*** Opening of Supplied records ***

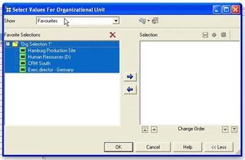 There is also a Search option, which provides options for searching through the master data of your system and saves you from scrolling through a large list of values. You can search both by Text and by Key, as well as different Attributes which are associated with the field we are filtering. There are three search boxes; the second and third allow you to select from the History, Favourites or Value Range sections, giving you as many ways as possible to find Master Data to add to the Filter list. Access this by clicking the ‘two squares’ icon to the right of the second and third search fields.
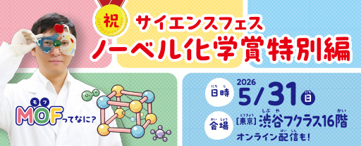 教育事業を展開するヒューマンアカデミー株式会社(本社:東京都新宿区、代表取締役:田中知信、以下「当社」)の児童教育事業「ヒューマンアカデミージュニア」は 、2026年5月31日(日)にサイエンスフェス ノーベル化学賞特別編として「体験!ノーベル化学賞の世界」を開催いたします。本イベントは、同社が運営する科学教室「サイエンスゲーツ」によるスペシャルプログラムで、受賞研究を支えた専門家が登壇します。子どもたちが世界で注目されている最先端科学「MOF(金属イオンと有機分子から成る、ジャングルジムのような空洞をもった多孔性物質)」をテーマに、クイズや実験を通じて科学の楽しさと驚きを体験できるプログラムを提供します。会場(渋谷)とオンラインのハイブリッド形式で、全国の親子が無料で参加可能です。
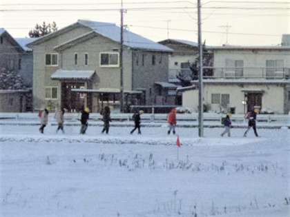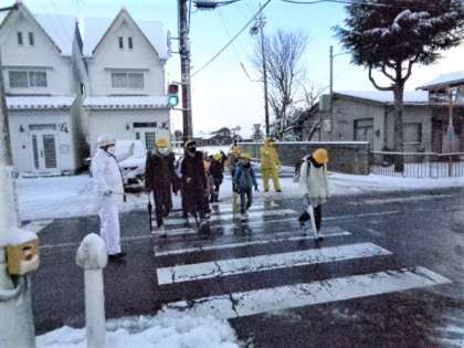 今朝も気温が氷点下となり、積雪は少なかったものの道路は凍結していました。はまっ子たちは今日も元気に登校しています。今日から通常の学校生活に戻しています。下校時刻は通常となり、集団下校も予定しておりません。
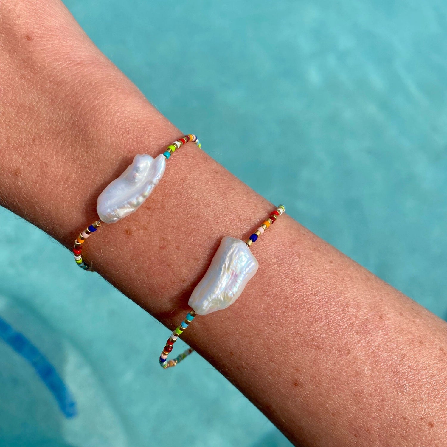Mix retro charm with contemporary colors for a lively piece of accessory you’ll enjoy wearing. The baroque pearl color beaded bracelet is a real eye-catcher, thanks to the beautiful baroque pearl ornament, strung with an assortment of gold and colored beads in an alternating sequence. The bracelet is adjustable and comes with a secure lobster clasp.
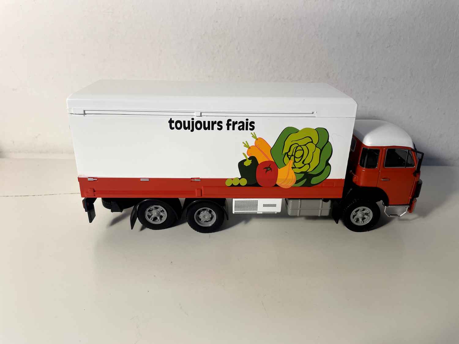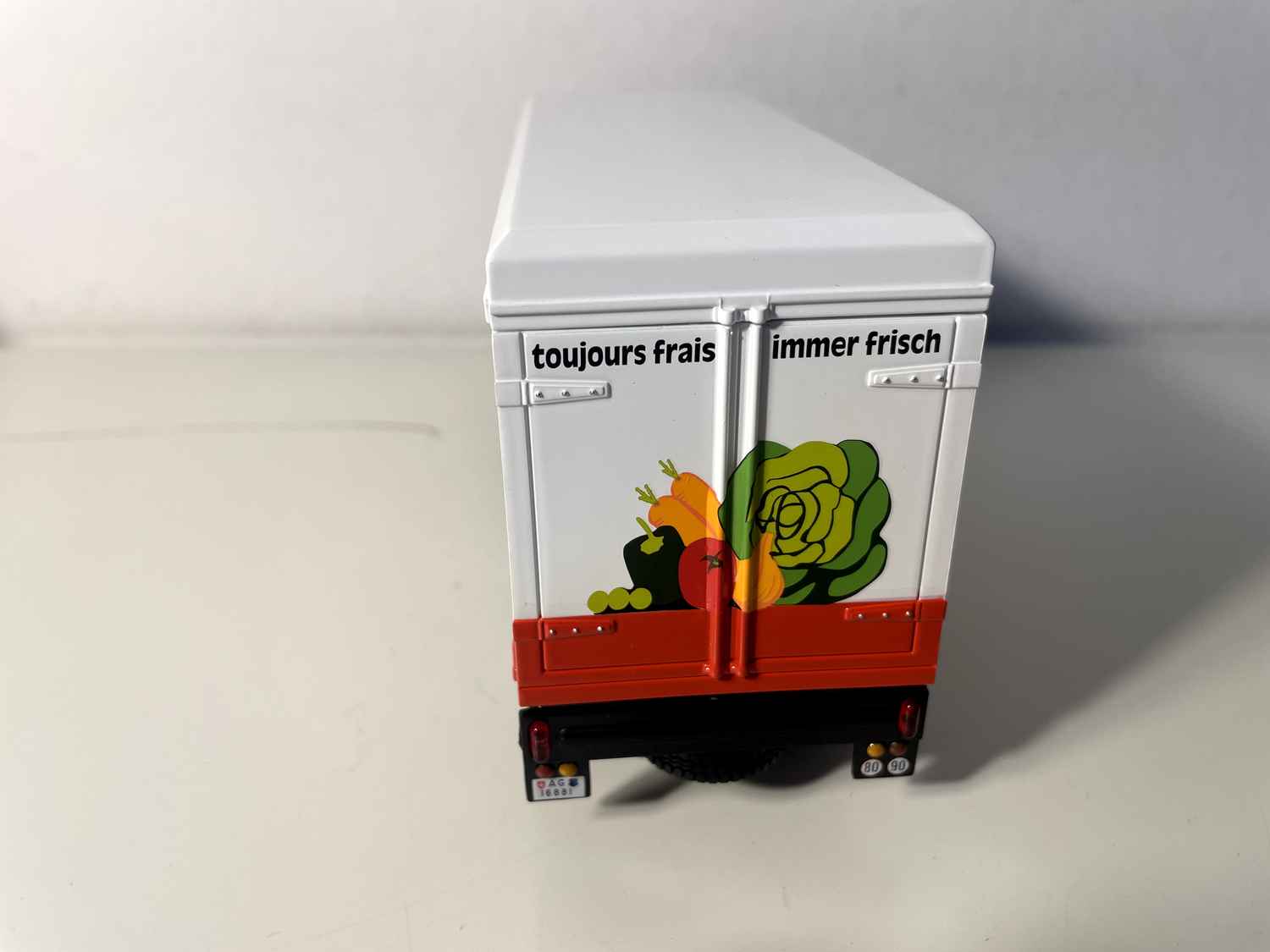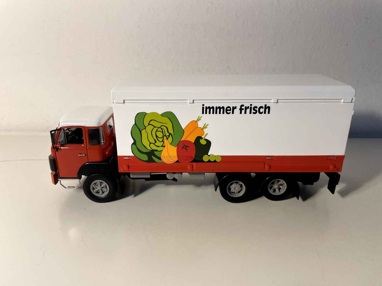 Diese Miniatur richtet sich an Sammler, die sich für die Welt historischer Schwerlastfahrzeuge begeistern, und stellt ein wertvolles Zeugnis der technologischen Entwicklung im Kühltransportsektor dar. Die Lackierung „Immer Frisch“ erinnert an das Qualitätsbewusstsein der Genossenschaft COOP.
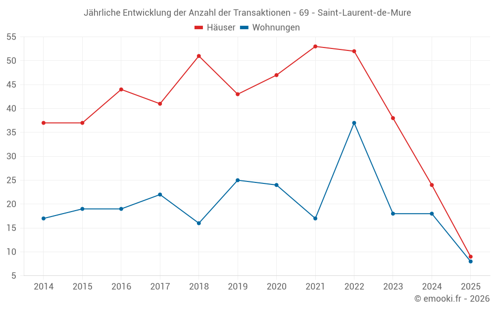 Der Durchschnittspreis auf den 19 Wohnungstransaktionen der letzten 12 Monate in der Gemeinde Saint-Laurent-de-Mure betrug 3 714 € pro Quadratmeter für einen mittleren Immobilienwert von 210 000 €. Über diesen Zeitraum hinweg lagen 60% der Transaktionen zwischen 3 002 und 4 642 € pro Quadratmeter (vom 2. bis zum 8. Dezil).
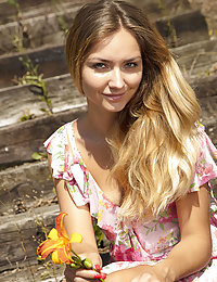 Victoria Puppy strips her flowery dress as she bares her tight body under the sun.
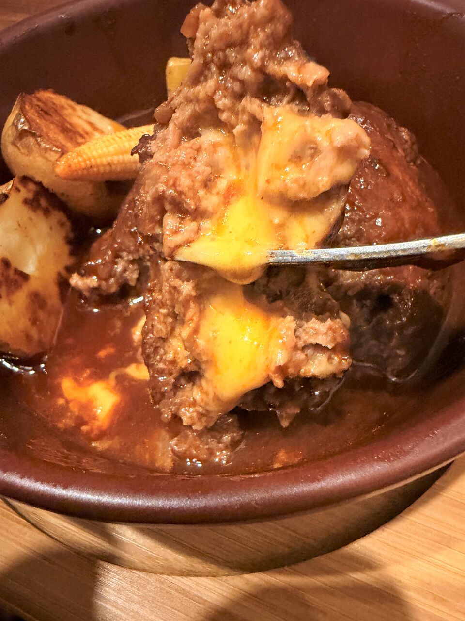 赤ワインで煮込まれたチーズバーグも、
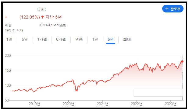 회사주식은 5년간 100% 이상이 올랐고, 내가 입사한 시점부터 따지면 3배 이상이 올랐다.
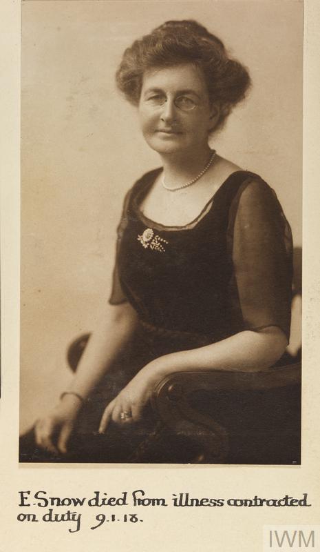 Mrs Edith Snow, Voluntary Aid Detachments. Died of illness contracted on duty 09 January 1918.

*** Close of Supplied records ***

** To do **
Set down again, exactly, the lines from the one with "Victoria Puppy strips" to the last line of the data, both included and pictures excluded.

** Answer below **
 Victoria Puppy strips her flowery dress as she bares her tight body under the sun.
 赤ワインで煮込まれたチーズバーグも、
 회사주식은 5년간 100% 이상이 올랐고, 내가 입사한 시점부터 따지면 3배 이상이 올랐다.
 Mrs Edith Snow, Voluntary Aid Detachments. Died of illness contracted on duty 09 January 1918.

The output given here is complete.